Игровые онимы, которыми наделены персонажи, участвующие в сюжетном действии рассказа, реализуют сюжетную проекцию писателя, воплощающуюся в том, что сюжет оказывается обусловлен авторской интерпретацией семантики ИС. Таким образом, литературное ИС первоначально порождает отапеллятивную проекцию, однако в сюжетной коллизии рассказа интерпретация семантики игрового онима создает новый ракурс авторской интерпретации характеристики персонажа.
Ономастическая игра — одна из идиостилевых доминант ранних юмористических рассказов А.П. Чехова, создающая комическую и шире — оценочно-характерологическую модальность его произведений. Комический эффект ономастической игры в ранних рассказах А.П. Чехова обусловлен выведением личностных характеристик персонажа на основе заданной именем мотивационной доминанты. На уровне восприятия ассоциативной семантики игрового онима углубляется его иронико-дискредитирующая или утрирующая сущность.

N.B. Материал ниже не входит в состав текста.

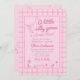 Wenn Sie eine elegante, einzigartige und leicht anpassbare Baby Girl Dusche Einladung suchen, ist dies perfekt für Sie. Wie Sie sehen, ist es mit einem Retro-handgeschriebenen Skript einer kleinen albernen Gans fast in vivid pink vorhanden. Und handgezogene Gans. Und rosa Rahmen und rosa karierte Quadrate. Al auf blassrosa Hintergrund. Sehr einfach zu anpassen und zu bedienen. So packen Sie es und männlich Ihre Einladungen sehr verlobt.

Контрольные вопросы и задания
1. Какие произведения художественной литературы содержат элементы ономастической игры? Приведите примеры. Подумайте, для каких художественных произведений ономастическая игра является основным фабульным, сюжетообразующим или идейно-смысловым элементом?

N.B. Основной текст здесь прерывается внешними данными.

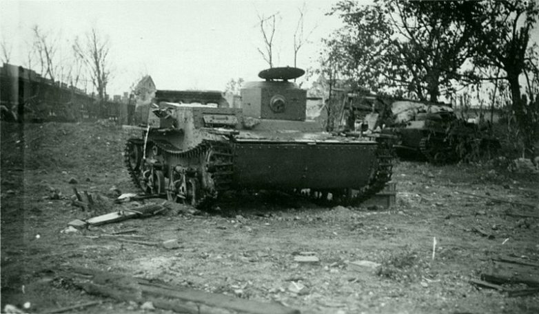 Танк Т-34 танк с пушкой Л-11 выпуска октября 1940 года. Заводской № 682-35. Танк принадлежал 12-й танковой дивизии 8-го механизированного корпуса 26-й армии Юго-Западного фронта. Подбит в районе Дубно, возможно юго-восточный въезд в Дубно. Согласно набписи на правом борту, танк подбит солдатами 111-й пехотной дивизии и полка «Герман Геринг». Предположительно, танк был подбит 29 июня 1941 года.31. Советский танк Т-34, подбитый у дороги в районе Дубно.

2. Используя методику анализа литературных ИС (см. с. 50—51, с. 74—75), опишите ассоциативное значение онимов унтер Пришибеев, актриса Гитарова, князь Халахадзе, кучер Семен, генерал Бризжалов, певчий Фортунатов.

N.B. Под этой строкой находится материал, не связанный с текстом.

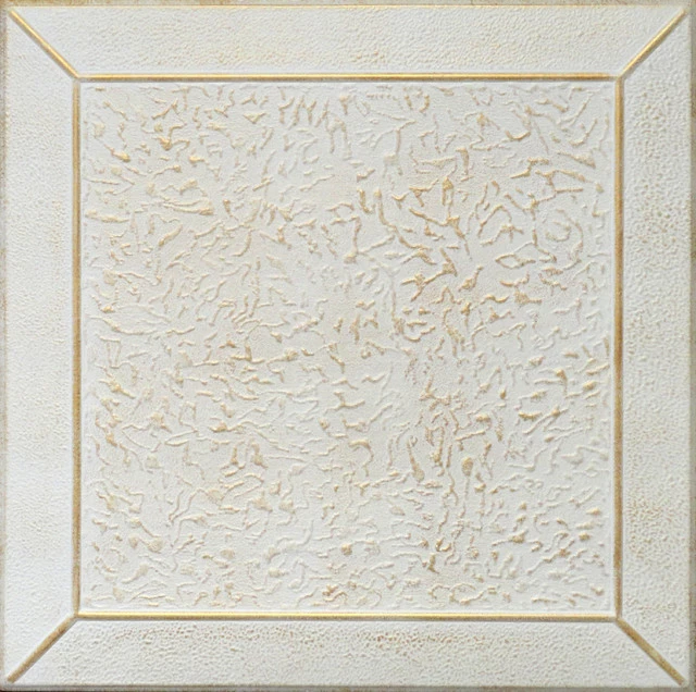 Euro-Deco 19.6″x19.6″ Styrofoam Glue Up Ceiling Tiles R27 White Satin Washed Gold

3. Пользуясь следующим алгоритмом анализа, рассмотрите особенности ономастиконов следующих рассказов А.П. Чехова: «Злоумышленник», «Хамелеон», «Толстый и тонкий», «Лошадиная фамилия».
1. Выделить все ИС рассказа, разделив их на соответствующие разряды (антропонимы, топонимы и т. д.).
2. Проанализировать структурные особенности онимов (количество основ, морфемный состав). При необходимости выявить этимологию данного ИС.
3. Описать семантику каждого имени, обращая внимание на его внутреннюю форму, принцип мотивации, ассоциативный контекст, порождаемый именем.
4. Охарактеризовать функцию каждого имени в сюжете рассказа, исходя из фабульной роли персонажа-носителя данного имени или значимости объекта, названного данным именем, специфики содержания идейно-эстетического параметра организации художественного текста.
5. Сделать вывод о принципе организации ономастического поля данного текста, о тех ассоциативно-семантических доминантах, которые положены А.П. Чеховым в основу модели действительности, представленной в произведении.
4. Проведите целостный анализ одного рассказа А.П. Чехова по вашему выбору, обращая особое внимание на ассоциативно-коннотативную семантику онимов, представленных в нем.
Примечания
1. Исходя из традиционного деления ранних произведений А.П. Чехова на рассказы-сценки, рассказы-стилизации и рассказы-пародии, мы рассматриваем игровые онимы персонажей рассказов-стилизаций (комических реклам, объявлений и т. д.) как внесюжетные на том основании, что для таких рассказов не характерно изображение каких-либо событий или ситуаций.
2. С понятием инвективы применительно к семантике ИС мы связываем использование в качестве его мотиватора лексемы со сниженной (грубой) и даже бранной коннотацией.
3. Мы благодарны А.В. Кубасову за важное наблюдение, касающееся искусственной фамилии героини этого же рассказа, Дуни Пешеморепереходященской, образованной с помощью лексикализации словосочетания «перейти пешком море», что, вероятно, является сигналом ассоциативной отсылки к мифологическому сюжету о хождении Иисуса Христа по водам.
4. Термин «мнимая значительность героя» предложен А.В. Кубасовым в личной беседе.